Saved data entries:
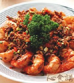 4.下油二汤匙,爆香蒜茸、川椒粉,下虾,浇酒一茶匙炒匀,洒下葱花即可上碟。
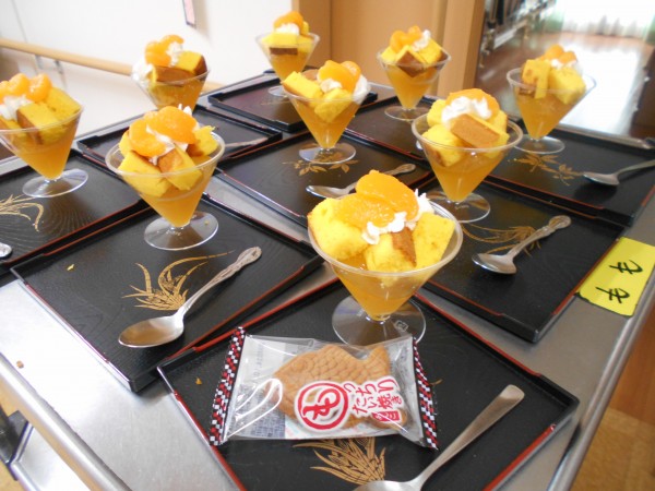 カステラにホイップクリームにみかん、パフェみたいですね♪
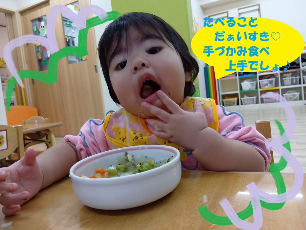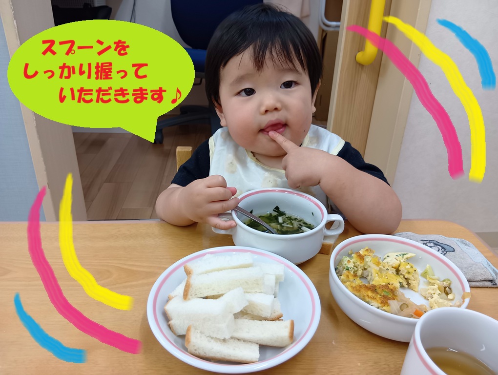 手づかみ食べで豪快に食べたり、スプーンを握ってみたり嬉しそうです😊
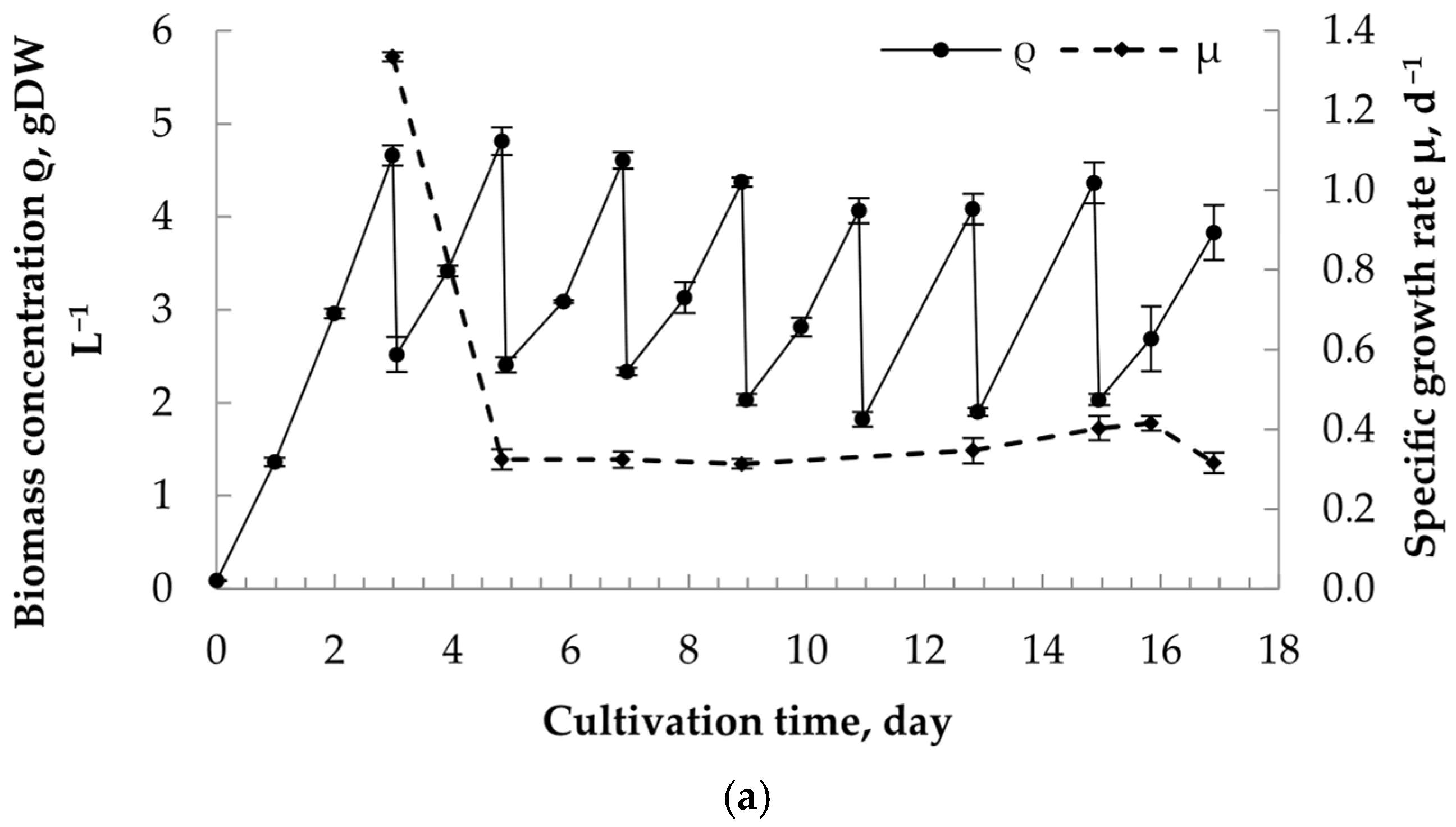 - The biomass productivity for each drainage period was calculated as the difference between the final and initial biomass concentrations, divided by the duration of the period. The specific growth rate was determined for each period using the same approach.
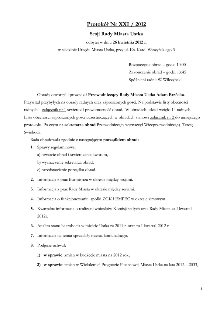 Protokół Nr XXI / 2012 Sesji Rady Miasta Ustka odbytej w dniu 26 kwietnia 2012 r. w siedzibie Urzędu Miasta Ustka, przy ul. Ks. Kard. Wyszyńskiego 3 Rozpoczęcie obrad – godz. 10:00 Zakończenie obrad – godz. 13:45 Spóźnieni radni: W. Wilczyński Obrady otworzył i prowadził Przewodniczący Rady Miasta Ustka Adam Brzóska. Przywitał przybyłych na obrady radnych oraz zaproszonych gości. Na podstawie listy obecności radnych – załącznik nr 1 stwierdził prawomocność obrad. W obradach udział wzięło 14 radnych. Lista obecności zaproszonych gości uczestniczących w obradach stanowi załącznik nr 2 do niniejszego protokołu. Po czym na sekretarza obrad Przewodniczący wyznaczył Wiceprzewodniczącą Teresę Świeboda. Rada obradowała zgodnie z następującym porządkiem obrad: 1. Sprawy regulaminowe: a) otwarcie obrad i stwierdzenie kworum, b) wyznaczenie sekretarza obrad, c) przedstawienie porządku obrad. 2. Informacja z prac Burmistrza w okresie między sesjami. 3. Informacja z prac Rady Miasta w okresie między sesjami. 4. Informacja o funkcjonowaniu spółki ZGK i EMPEC w okresie zimowym. 5. Kwartalna informacja o realizacji wniosków Komisji stałych oraz Rady Miasta za I kwartał 2012r. 6. Analiza stanu bezrobocia w mieście Ustka za 2011 r. oraz za I kwartał 2012 r. 7. Informacja na temat sprzedaży mienia komunalnego. 8. Podjęcie uchwał: 1) w sprawie: zmian w budżecie miasta na 2012 rok, 2) w sprawie: zmian w Wieloletniej Prognozie Finansowej Miasta Ustka na lata 2012 – 2033, 1 3) w sprawie: zmiany uchwały Nr XLVII/382/2006 Rady Miejskiej w Ustce z dnia 31 sierpnia 2006 r. w sprawie Statutu Miasta Ustki, 4) w sprawie: określenia tygodniowego obowiązkowego wymiaru godzin zajęć pedagogów, psychologów, logopedów i doradców zawodowych zatrudnionych w jednostkach oświatowych prowadzonych przez Gminę Miasto Ustka, 5) w sprawie: zmiany uchwały Nr XIV/125/2011 Rady Miasta Ustka z dnia 27 października 2011 r. w sprawie zawarcia Porozumienia Międzygminnego pomiędzy Gminą Miasto Ustka a Miastem Słupsk w sprawie działań z zakresu planowania przestrzennego na trenach położonych w granicach administracyjnych miasta Ustka, 6) w sprawie: odstąpienia od przetargowego trybu wydzierżawienia na okres 8 lat nieruchomości zabudowanej stanowiącej własność Gminy Miasto Ustka, położonej w Ustce przy Promenadzie Nadmorskiej, 7) w sprawie: wniesienia w formie wkładu niepieniężnego (aportu) prawa własności nieruchomości będących własnością Gminy Miasto Ustka. 9. Interpelacje i zapytania radnych. 10. Wolne wnioski i oświadczenia. 11. Zakończenie obrad. Ad 2 Informacja z prac Burmistrza w okresie między sesjami ( I cz. czas 3:22 ) Burmistrz Jan Olech w uzupełnieniu pisemnej informacji stanowiącej załącznik nr 3 do niniejszego protokołu dodał: - wysłał pismo do firmy Polo market o umożliwienie utworzenia parkingu na terenach po Konserwiarni przy ul. Słupskiej. Jest wstępna deklaracja, w maju sytuacja wyjaśni się ; - Burmistrz wystąpił z wnioskiem do Starosty o użyczenie tzw. „czerwonej szopy” i terenu przyległego na okres 10 lat. Miasto chce rozbudować obiekt i umieścić tam Centrum Informacji Morskiej. Burmistrz w rozmowie ze Starostą i Wicestarostą na miejscu przy „czerwonej szopie” uzyskał wstępną akceptację Starosty. W imieniu własnym i Rady Burmistrz podziękował Staroście ; - została podpisana umowa sponsorska z kampanią piwowarską na trzy lata na sto tysięcy rocznie. Burmistrz podziękował Wydziałowi Promocji, Naczelnikowi Cegle za dobry start. G. Koski jakie ustalenia przyjęto w trakcie spotkania Burmistrza z radnym Wojewódzkim p. Biernackim w sprawie remontu ulicy Darłowskiej. 2 Radny zapytał, kiedy rozpocznie się remont ulicy, która część będzie remontowało miasto, czy tylko poniesie koszty dokumentacji? Następnie zapytał o wniosek BWA rozpatrzony negatywnie o 10 miejsc postojowych przy ul. Chopina . Teren pod kioskiem przy Kinie wyrażono zgodę na zmianę dzierżawcy w drodze cesji, dlaczego nie w przetargu? Burmistrz odpowiedział, że spotkał się z Radnym Wojewódzkim p. Biernackim, aby nadać bieg sprawie budowy ścieżki rowerowej z oświetleniem wzdłuż ulicy Darłowskiej. Burmistrz wstępnie uzyskał deklarację, że w maju Marszałek przyjedzie do Ustki na wizję lokalną, aby droga była modernizowana. Przy ulicy Polnej powstało duże osiedle mieszkaniowe, Przedszkole. Duży ruch przy ul. Darłowskiej zagraża bezpieczeństwu. Do odbycia wspólnej z Marszałkiem wizji w terenie Burmistrz poprosi przedstawicieli Rady. W sprawie wniosku BWA Burmistrz odpowiedział, że Rada podjęła uchwalę w sprawie stref płatnego parkowania. BWA chce uzyskać do swojej dyspozycji 10 miejsc parkingowych, wówczas byłby zajęty cały parking. Nie ma więc takiej możliwości. Naczelnik Wydz. G.N. S. Tymińska - Brożek odpowiedziała, że chodzi o przepisanie cesją prawa dzierżawy terenu pod kioskiem na rzecz innej osoby zainteresowanej prowadzeniem dalszej działalności. G. Koski zwrócił uwagę, że jeżeli następuje zmiana podmiotu, to automatycznie powinien być ogłoszony przetarg. Pieniędzy w budżecie nie ma i teren należy sprzedać w drodze przetargu. Jeżeli jest możliwość prawna radny zaproponował powrócić do tematu. S. Tymińska - Brożek powiedziała, że takie cesje stosowane są od lat. Gdyby obiekt był własnością miasta, to nie wyrażono by zgody na cesję. G. Koski oznajmił, że nie zgadza się z takim stanowiskiem. Przewodniczący odpowiedział, że w tym przypadku radny ma prawo złożyć interpelację. A. Bednarczyk poprosił o informację o spotkaniu z Dyrektorem Urzędu Morskiego oraz na temat refulacji plaży. Burmistrz odpowiedział, że każde spotkanie z Dyrektorem Urzędu Morskiego dotyczy aktualnej sytuacji remontu nabrzeża wschodniego. Urzędnikom zależy , aby plac do końca czerwca został wykonany. Refulacja plaży będzie wyko
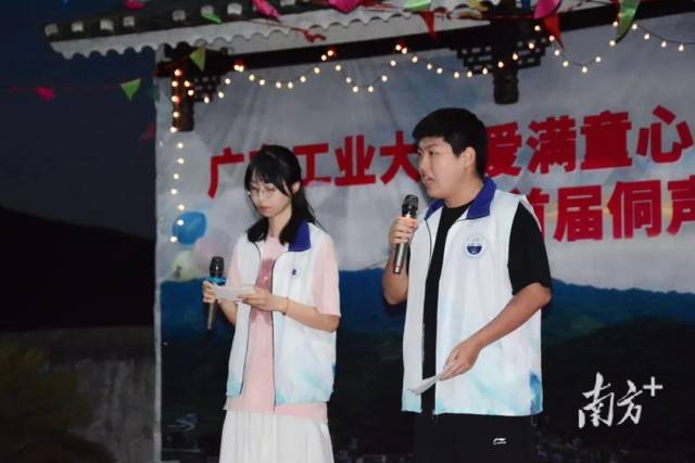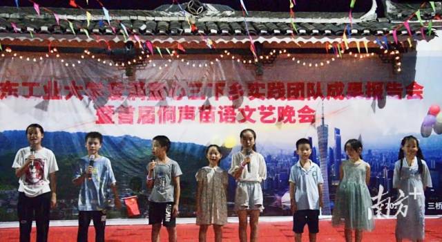 暮色渐晚,蝉声起伏,苗族的阿哥阿妹们深情对唱颇具苗族特色的《四乡歌》,随后孩子们也加入舞台,欢快地唱起了童谣。这是广工实践团策划举办的特色乡村音乐会,现场热闹非凡。

(WHAT YOU ARE ASKED TO DO)
Leaving the pictures out, reproduce the entries above exactly.

(EXERCISE RESULT)
 4.下油二汤匙,爆香蒜茸、川椒粉,下虾,浇酒一茶匙炒匀,洒下葱花即可上碟。
 カステラにホイップクリームにみかん、パフェみたいですね♪
 手づかみ食べで豪快に食べたり、スプーンを握ってみたり嬉しそうです😊
 - The biomass productivity for each drainage period was calculated as the difference between the final and initial biomass concentrations, divided by the duration of the period. The specific growth rate was determined for each period using the same approach.
 Protokół Nr XXI / 2012 Sesji Rady Miasta Ustka odbytej w dniu 26 kwietnia 2012 r. w siedzibie Urzędu Miasta Ustka, przy ul. Ks. Kard. Wyszyńskiego 3 Rozpoczęcie obrad – godz. 10:00 Zakończenie obrad – godz. 13:45 Spóźnieni radni: W. Wilczyński Obrady otworzył i prowadził Przewodniczący Rady Miasta Ustka Adam Brzóska. Przywitał przybyłych na obrady radnych oraz zaproszonych gości. Na podstawie listy obecności radnych – załącznik nr 1 stwierdził prawomocność obrad. W obradach udział wzięło 14 radnych. Lista obecności zaproszonych gości uczestniczących w obradach stanowi załącznik nr 2 do niniejszego protokołu. Po czym na sekretarza obrad Przewodniczący wyznaczył Wiceprzewodniczącą Teresę Świeboda. Rada obradowała zgodnie z następującym porządkiem obrad: 1. Sprawy regulaminowe: a) otwarcie obrad i stwierdzenie kworum, b) wyznaczenie sekretarza obrad, c) przedstawienie porządku obrad. 2. Informacja z prac Burmistrza w okresie między sesjami. 3. Informacja z prac Rady Miasta w okresie między sesjami. 4. Informacja o funkcjonowaniu spółki ZGK i EMPEC w okresie zimowym. 5. Kwartalna informacja o realizacji wniosków Komisji stałych oraz Rady Miasta za I kwartał 2012r. 6. Analiza stanu bezrobocia w mieście Ustka za 2011 r. oraz za I kwartał 2012 r. 7. Informacja na temat sprzedaży mienia komunalnego. 8. Podjęcie uchwał: 1) w sprawie: zmian w budżecie miasta na 2012 rok, 2) w sprawie: zmian w Wieloletniej Prognozie Finansowej Miasta Ustka na lata 2012 – 2033, 1 3) w sprawie: zmiany uchwały Nr XLVII/382/2006 Rady Miejskiej w Ustce z dnia 31 sierpnia 2006 r. w sprawie Statutu Miasta Ustki, 4) w sprawie: określenia tygodniowego obowiązkowego wymiaru godzin zajęć pedagogów, psychologów, logopedów i doradców zawodowych zatrudnionych w jednostkach oświatowych prowadzonych przez Gminę Miasto Ustka, 5) w sprawie: zmiany uchwały Nr XIV/125/2011 Rady Miasta Ustka z dnia 27 października 2011 r. w sprawie zawarcia Porozumienia Międzygminnego pomiędzy Gminą Miasto Ustka a Miastem Słupsk w sprawie działań z zakresu planowania przestrzennego na trenach położonych w granicach administracyjnych miasta Ustka, 6) w sprawie: odstąpienia od przetargowego trybu wydzierżawienia na okres 8 lat nieruchomości zabudowanej stanowiącej własność Gminy Miasto Ustka, położonej w Ustce przy Promenadzie Nadmorskiej, 7) w sprawie: wniesienia w formie wkładu niepieniężnego (aportu) prawa własności nieruchomości będących własnością Gminy Miasto Ustka. 9. Interpelacje i zapytania radnych. 10. Wolne wnioski i oświadczenia. 11. Zakończenie obrad. Ad 2 Informacja z prac Burmistrza w okresie między sesjami ( I cz. czas 3:22 ) Burmistrz Jan Olech w uzupełnieniu pisemnej informacji stanowiącej załącznik nr 3 do niniejszego protokołu dodał: - wysłał pismo do firmy Polo market o umożliwienie utworzenia parkingu na terenach po Konserwiarni przy ul. Słupskiej. Jest wstępna deklaracja, w maju sytuacja wyjaśni się ; - Burmistrz wystąpił z wnioskiem do Starosty o użyczenie tzw. „czerwonej szopy” i terenu przyległego na okres 10 lat. Miasto chce rozbudować obiekt i umieścić tam Centrum Informacji Morskiej. Burmistrz w rozmowie ze Starostą i Wicestarostą na miejscu przy „czerwonej szopie” uzyskał wstępną akceptację Starosty. W imieniu własnym i Rady Burmistrz podziękował Staroście ; - została podpisana umowa sponsorska z kampanią piwowarską na trzy lata na sto tysięcy rocznie. Burmistrz podziękował Wydziałowi Promocji, Naczelnikowi Cegle za dobry start. G. Koski jakie ustalenia przyjęto w trakcie spotkania Burmistrza z radnym Wojewódzkim p. Biernackim w sprawie remontu ulicy Darłowskiej. 2 Radny zapytał, kiedy rozpocznie się remont ulicy, która część będzie remontowało miasto, czy tylko poniesie koszty dokumentacji? Następnie zapytał o wniosek BWA rozpatrzony negatywnie o 10 miejsc postojowych przy ul. Chopina . Teren pod kioskiem przy Kinie wyrażono zgodę na zmianę dzierżawcy w drodze cesji, dlaczego nie w przetargu? Burmistrz odpowiedział, że spotkał się z Radnym Wojewódzkim p. Biernackim, aby nadać bieg sprawie budowy ścieżki rowerowej z oświetleniem wzdłuż ulicy Darłowskiej. Burmistrz wstępnie uzyskał deklarację, że w maju Marszałek przyjedzie do Ustki na wizję lokalną, aby droga była modernizowana. Przy ulicy Polnej powstało duże osiedle mieszkaniowe, Przedszkole. Duży ruch przy ul. Darłowskiej zagraża bezpieczeństwu. Do odbycia wspólnej z Marszałkiem wizji w terenie Burmistrz poprosi przedstawicieli Rady. W sprawie wniosku BWA Burmistrz odpowiedział, że Rada podjęła uchwalę w sprawie stref płatnego parkowania. BWA chce uzyskać do swojej dyspozycji 10 miejsc parkingowych, wówczas byłby zajęty cały parking. Nie ma więc takiej możliwości. Naczelnik Wydz. G.N. S. Tymińska - Brożek odpowiedziała, że chodzi o przepisanie cesją prawa dzierżawy terenu pod kioskiem na rzecz innej osoby zainteresowanej prowadzeniem dalszej działalności. G. Koski zwrócił uwagę, że jeżeli następuje zmiana podmiotu, to automatycznie powinien być ogłoszony przetarg. Pieniędzy w budżecie nie ma i teren należy sprzedać w drodze przetargu. Jeżeli jest możliwość prawna radny zaproponował powrócić do tematu. S. Tymińska - Brożek powiedziała, że takie cesje stosowane są od lat. Gdyby obiekt był własnością miasta, to nie wyrażono by zgody na cesję. G. Koski oznajmił, że nie zgadza się z takim stanowiskiem. Przewodniczący odpowiedział, że w tym przypadku radny ma prawo złożyć interpelację. A. Bednarczyk poprosił o informację o spotkaniu z Dyrektorem Urzędu Morskiego oraz na temat refulacji plaży. Burmistrz odpowiedział, że każde spotkanie z Dyrektorem Urzędu Morskiego dotyczy aktualnej sytuacji remontu nabrzeża wschodniego. Urzędnikom zależy , aby plac do końca czerwca został wykonany. Refulacja plaży będzie wyko
 暮色渐晚,蝉声起伏,苗族的阿哥阿妹们深情对唱颇具苗族特色的《四乡歌》,随后孩子们也加入舞台,欢快地唱起了童谣。这是广工实践团策划举办的特色乡村音乐会,现场热闹非凡。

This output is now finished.